What is being asked: Copy the listing exactly; drop the pictures.

Information shown:
---*---

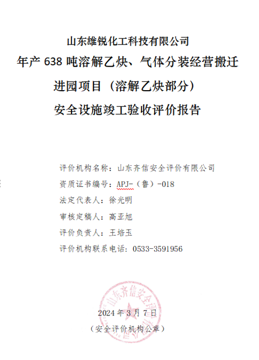 | 山東雄銳化工科技有限公司 年產(chǎn)638噸溶解乙炔、氣體分裝經(jīng)營搬遷進園項目(溶解乙炔部分)安全設(shè)施竣工驗收評價報告 |
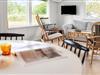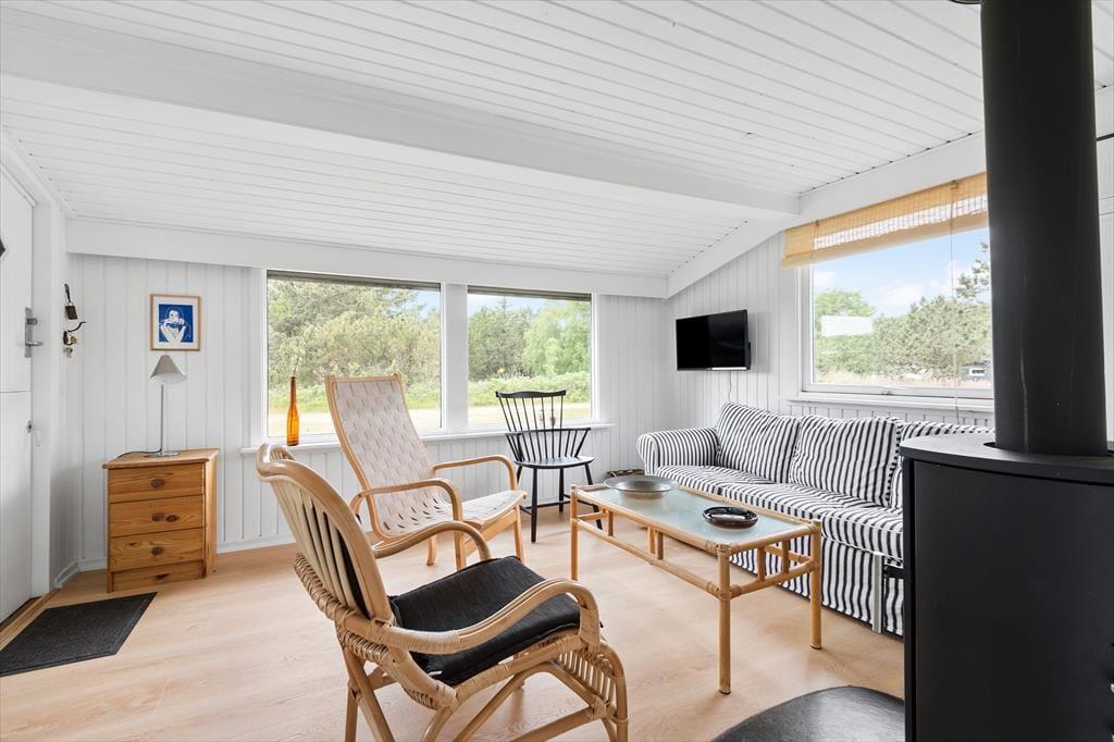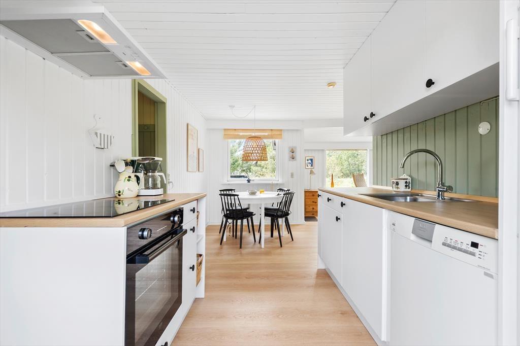 Vejret og årstiden har sikkert indflydelse på, hvor størstedelen af ferien kommer til at foregå. Og på de dage, hvor der er lagt op til indendørs hygge, kan du glæde dig til at slænge dig i en af sofaerne i husets charmerende stue, der blandt andet er udstyret med brændeovn, fladskærms-tv og spisebord nær det åbne køkken. Netop køkkenet bliver udskiftet i 2024, og på samme tid er bliver farvetonerne lysnet inden døre. Med andre ord bliver det altså om muligt en endnu større fornøjelse at holde til i husets rare og charmerende omgivelser.
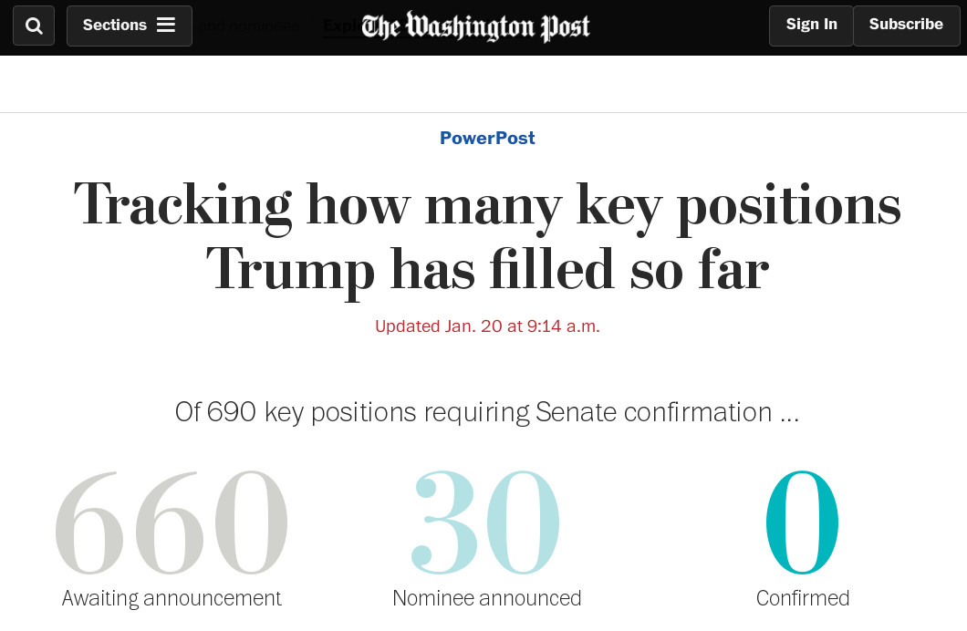 Hier kann man nachlesen wie viele offenen Stellen Trump inzwischen nominieren und besetzen konnte. Die Statistik ist erschütternd: 690 offenen Schlüsselpositionen stehen 30 Nominierungen gegenüber von denen noch keiner bestätigt im Amt ist.

---*---

Answer box:
 | 山東雄銳化工科技有限公司 年產(chǎn)638噸溶解乙炔、氣體分裝經(jīng)營搬遷進園項目(溶解乙炔部分)安全設(shè)施竣工驗收評價報告 |
 Vejret og årstiden har sikkert indflydelse på, hvor størstedelen af ferien kommer til at foregå. Og på de dage, hvor der er lagt op til indendørs hygge, kan du glæde dig til at slænge dig i en af sofaerne i husets charmerende stue, der blandt andet er udstyret med brændeovn, fladskærms-tv og spisebord nær det åbne køkken. Netop køkkenet bliver udskiftet i 2024, og på samme tid er bliver farvetonerne lysnet inden døre. Med andre ord bliver det altså om muligt en endnu større fornøjelse at holde til i husets rare og charmerende omgivelser.
 Hier kann man nachlesen wie viele offenen Stellen Trump inzwischen nominieren und besetzen konnte. Die Statistik ist erschütternd: 690 offenen Schlüsselpositionen stehen 30 Nominierungen gegenüber von denen noch keiner bestätigt im Amt ist.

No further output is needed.